Te Rijdt stelt terecht dat uit deze tekening blijkt dat het album van Koerten in ieder geval voor 1708 is begonnen als een bezoekersboek met handtekeningen. Tekeningen van Lairesse, De Hondecoeter De Kaersgieter, Tideman, Van Nikkelen, Van de Plaes, Van Musscher Bakhuizen en Luyken moeten al vroeg (dus voor het overlijden van Koerten in 1715) deel daarvan uit hebben gemaakt, maar dit is toch slechts maar een gedeelte van de getekende bijdragen aan het latere Stainboek. Ook vele (gedateerde) inscripties en lofdichten behoorden vanaf 1693-1695, dus kort na het huwelijk van Koerten en Blok in 1691 tot die verzameling. Het breeduit illustreren van de collectie werd echter, zoals Te Rijdt juist opmerkt, een pas later nagejaagd doel. En daarmee blijft de redenering van Plomp (en anderen) die, zich baserend op Houbraken, stellen dat Adriaan Blok verantwoordelijk is voor het aanleggen van het Stamboek recht overeind. Was er voor 1715 sprake geweest van de benaming Stamboek, dan zou het opschrift op de titeltekening van Goeree ongetwijfeld anders zijn geweest, al zit daar natuurlijk nog wel een periode van 7 jaar tussen. Toch is het voor de hand liggend aan te nemen dat Adriaan Blok zich na de dood van Joanna zich erop toe is gaan leggen het inmiddels uitdijende handtekeningenboek verder uit te breiden. Het moest een echt monument voor zijn vrouw worden en daarvoor koos hij de titel Stamboek, die ook wat gewichtiger klinkt dan de eenvoudige vriendenrol of het album amicorum.
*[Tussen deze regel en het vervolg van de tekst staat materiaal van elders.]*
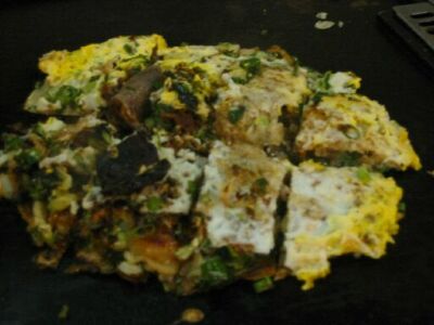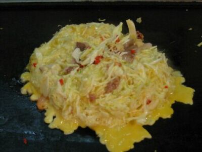 続いてミックス焼きの途中経過。ふんわり焼き上げるのがコツ?
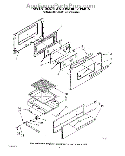 Parts for Whirlpool SF5140SRW2: 06 - Oven Door And Broiler Parts
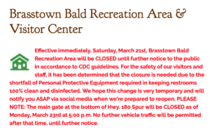 Currently, White County still only has one confirmed case of COVID-19. The Department of Public Health reported the first confirmed case in Banks County on March 30. Habersham, Rabun, Towns, Union, and Elbert counties are the only remaining counties in Northeast Georgia with none. While that most likely will change, people want to hold the virus at bay as long as possible – even if that means holding back the welcome mat.

Zijn inzet is niet altijd gunstig beoordeeld, zo heeft Te Rijdt het over een “gezwollen monument”, Plomp spreekt van een “veredelde reclamecampagne” en Van Dokkum ziet Blok als een “liefdevolle impressario”.
Van Houbraken is bekend dat hij op vele punten niet zo betrouwbaar is, maar misschien geeft hij in zijn boek toch een goede indruk de werkelijke bedoelingen van Joanna’s weduwnaar: “...De Heer Blok, by wien haar gedagtenis in groote waarde blyft, laat haar Konstroem niet verwaarloozen: maar in tegendeel de namen, en zinspreuken door Waereldvorsten (ter gedagtenis dat zy haar berugte Schaarkonst gezien hebben) met eigen hand op papier gestelt, neffens de vaerzen der Puikdichters by een verzamelt in een stamboek pryken, en doet hunne beeltenissen door een konstige hand teekenen, om die tegens over de geschriften te plaatsen. Ook laat hy van de beste konstschilders teekeningen maken, zinspeelende op gemelde zinspreuken…“. En: “… ‘tgeen hem in zyne ledige uuren tot verlustiging strekt, om haar kennisse van Godsdienst en het pleegen van deugden, daar zy boven al haar Konsten in uitstak…”. Brave opmerkingen volgens Plomp, maar die zijn daarom nog niet onjuist.

Literatuur

* R.J.A. te Rijdt, “Jan Goeree, het stamboek van Joanna Koerten en de datering ervan”, Delineavit ef Scuipsit, 1997 (no. 17)
* H. van Hall, Portretten van Nederlandse Beeldende Kunstenaars, Amsterdam 1963
* F. Muller, Beschrijvende catalogus van portretten, 1853, nrs.29
* M. Plomp, “De portretten uit het stamboek voor Joanna Koerten(…)”, Leids Kunsthistorisch Jaarboek, 1989 (XIII)
* J.D.C. van Dokkum, “Hanna de knipster en haar concurrenten”, Het Huis Oud en Nieuw, 1915 (jrg.Xlll)
* A. Houbraken, De groote schouburgh der Nederlantsche Konstschi!ders en schilderessen (..), Amsterdam 1718-1721

Door Henk van Ark.
Dit artikel verscheen eerder in de Nieuwsbrief 2000-4, een uitgave van het museum van Knipkunst en Stichting W.Tj. Lever.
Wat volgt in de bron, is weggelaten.